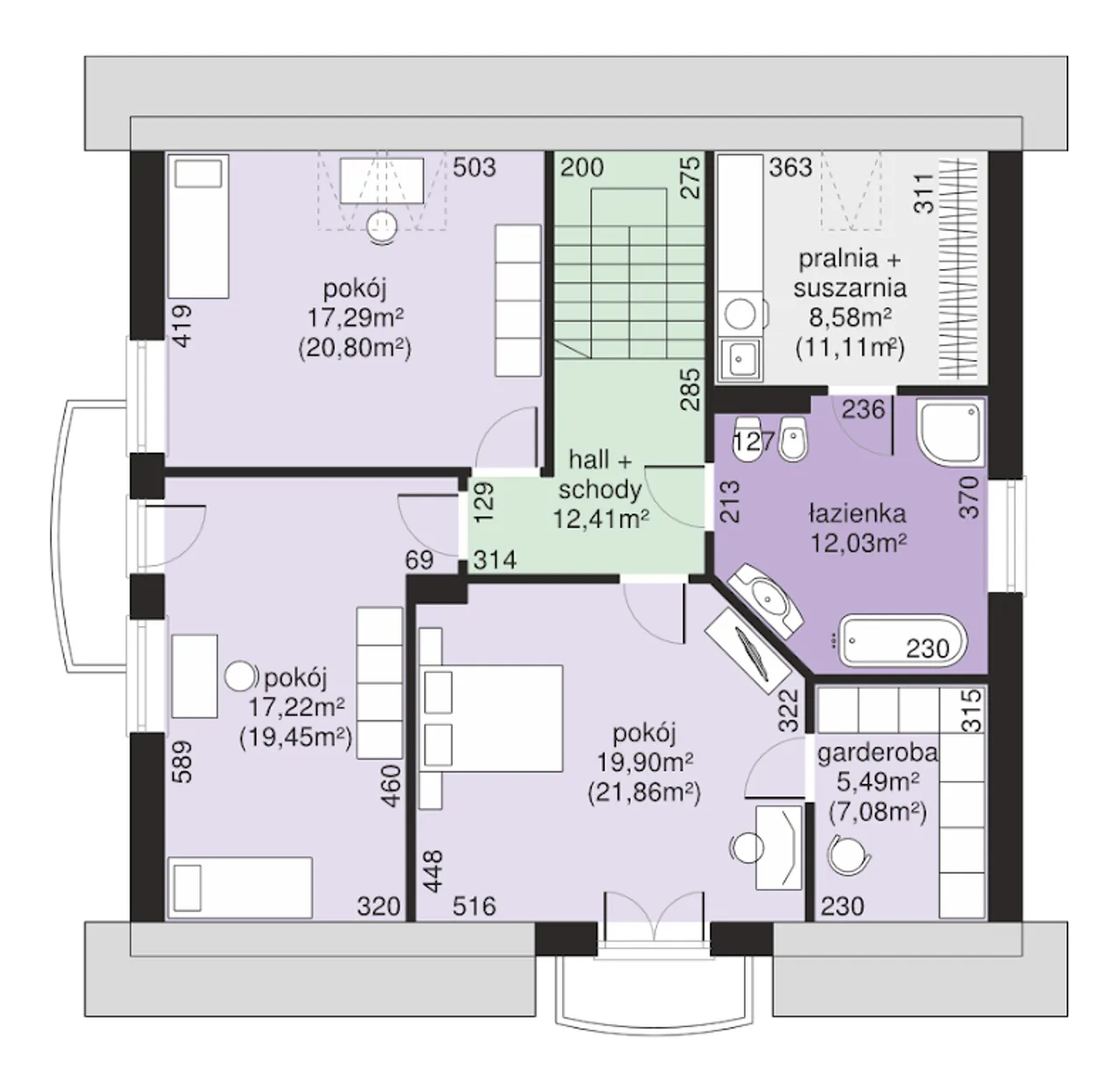 | 3. Pralnia + suszarnia | 8,58 (11,11) m² |
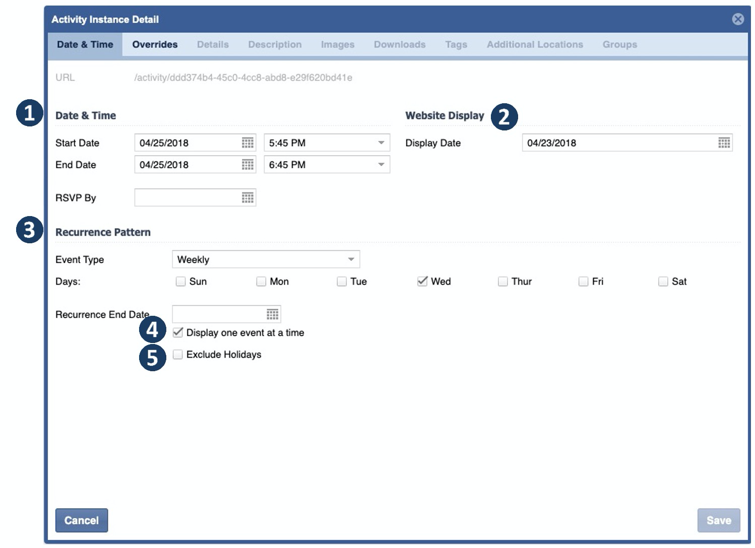 | 2 | Website Display - Set the date this event will display on web and mobile page(s). |
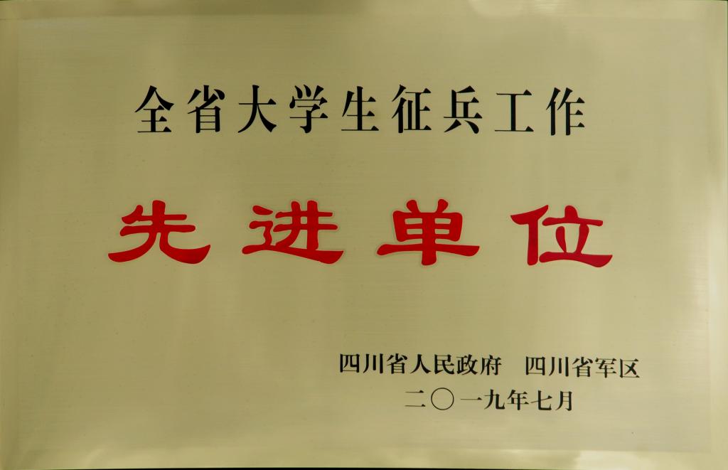 2018年,学院征兵工作始终坚持以习近平新时代中国特色社会主义思想为指导,深入学习贯彻党的十九大精神和习近平强军思想,认真落实党中央、国务院、中央军委各项决策和省委、省政府、省军区安排部署,坚持以兵员质量为核心,狠抓各项工作落实。在学院党委的正确领导下,通过武装部全体老师共同努力,在各系的密切配合下,全院师生齐心协力,圆满完成新兵征集任务,并取得优异成绩,继2016年后,我院2018年征兵工作再次被四川省人民政府,四川省军区授予“全省大学生征兵工作先进单位”荣誉称号。
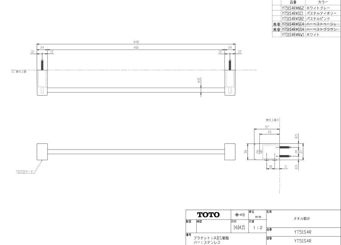 【在庫セール】TOTO タオル掛け パステルピンク YT51S4R #SR2
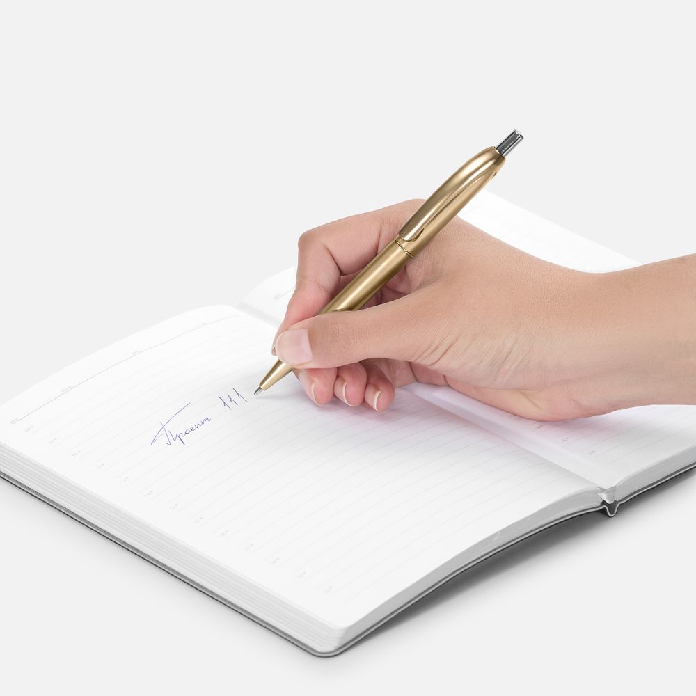 Шариковая пластиковая ручка в корпусе с эффектом «металлик» и серебристыми деталями. Приятная округлая форма клипа добавляет ручке плавности и объема.
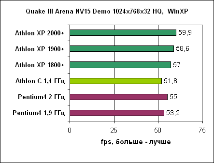 В Demo001 в обоих разрешениях Pentium 4 2 ГГц остался лидером, хотя разница между ним и Athlon XP 2000+ настолько сократилась, что ее можно не замечать. В NV15 Athlon XP 2000+, как обычно, вышел победителем.
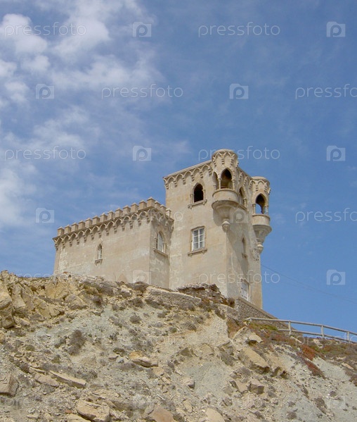 Замок на скале мыса Марроки между Атлантическим океаном и Средиземным морем, Испания
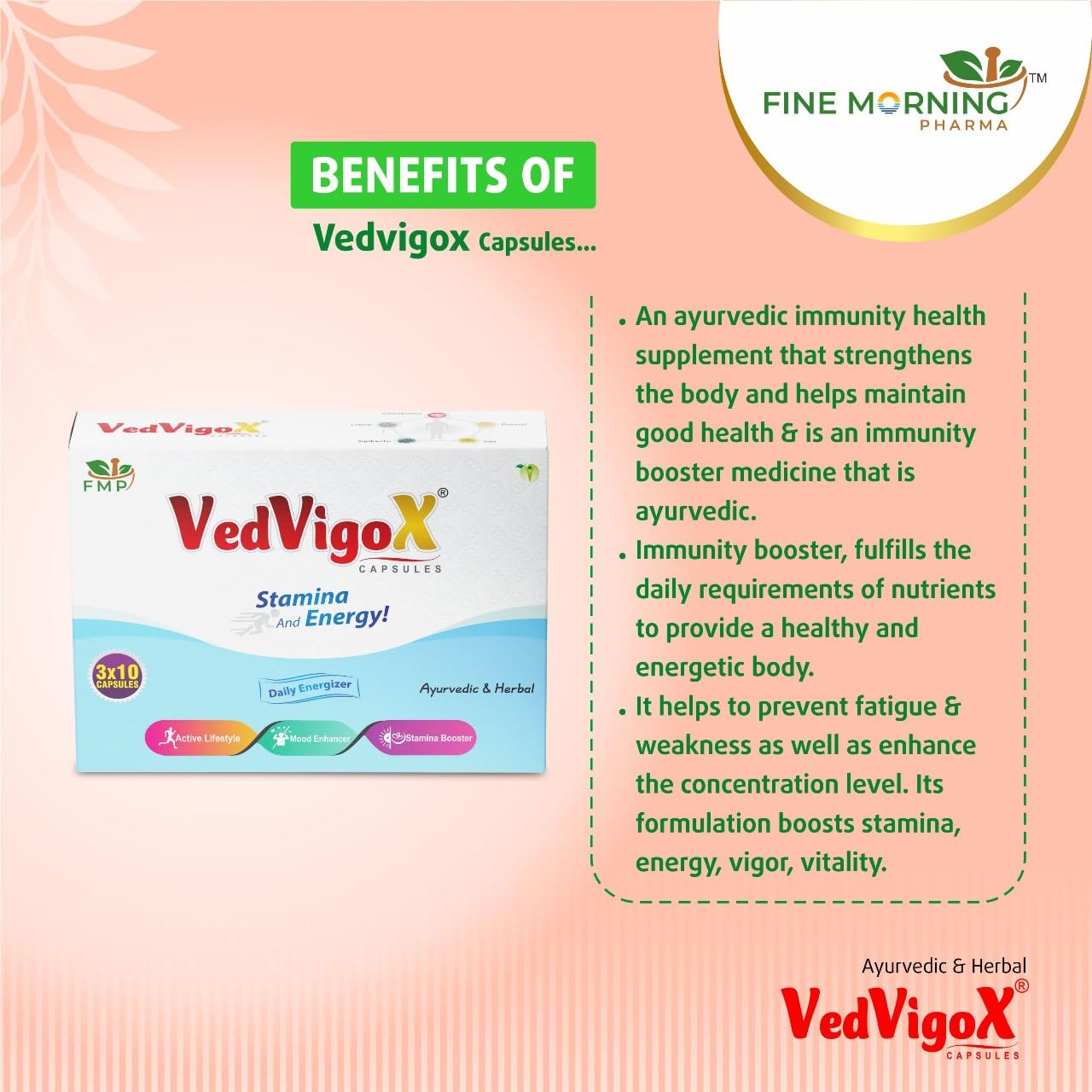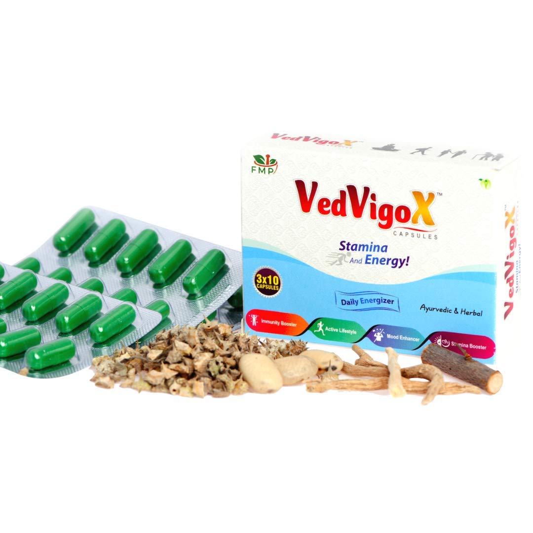 VedVigoX Capsules- It is an Ayurvedic formulation contains herbal extracts that helps to reduce stress and anxiety by reducing the cortisol levels while boosting energy and stamina.
__________
- [Instructions to follow]: Starting at the line that contains "В Demo001 в", extract each line through the last line of the material exactly as written, and include no pictures.

- [Response to this exercise]:
 В Demo001 в обоих разрешениях Pentium 4 2 ГГц остался лидером, хотя разница между ним и Athlon XP 2000+ настолько сократилась, что ее можно не замечать. В NV15 Athlon XP 2000+, как обычно, вышел победителем.
 Замок на скале мыса Марроки между Атлантическим океаном и Средиземным морем, Испания
 VedVigoX Capsules- It is an Ayurvedic formulation contains herbal extracts that helps to reduce stress and anxiety by reducing the cortisol levels while boosting energy and stamina.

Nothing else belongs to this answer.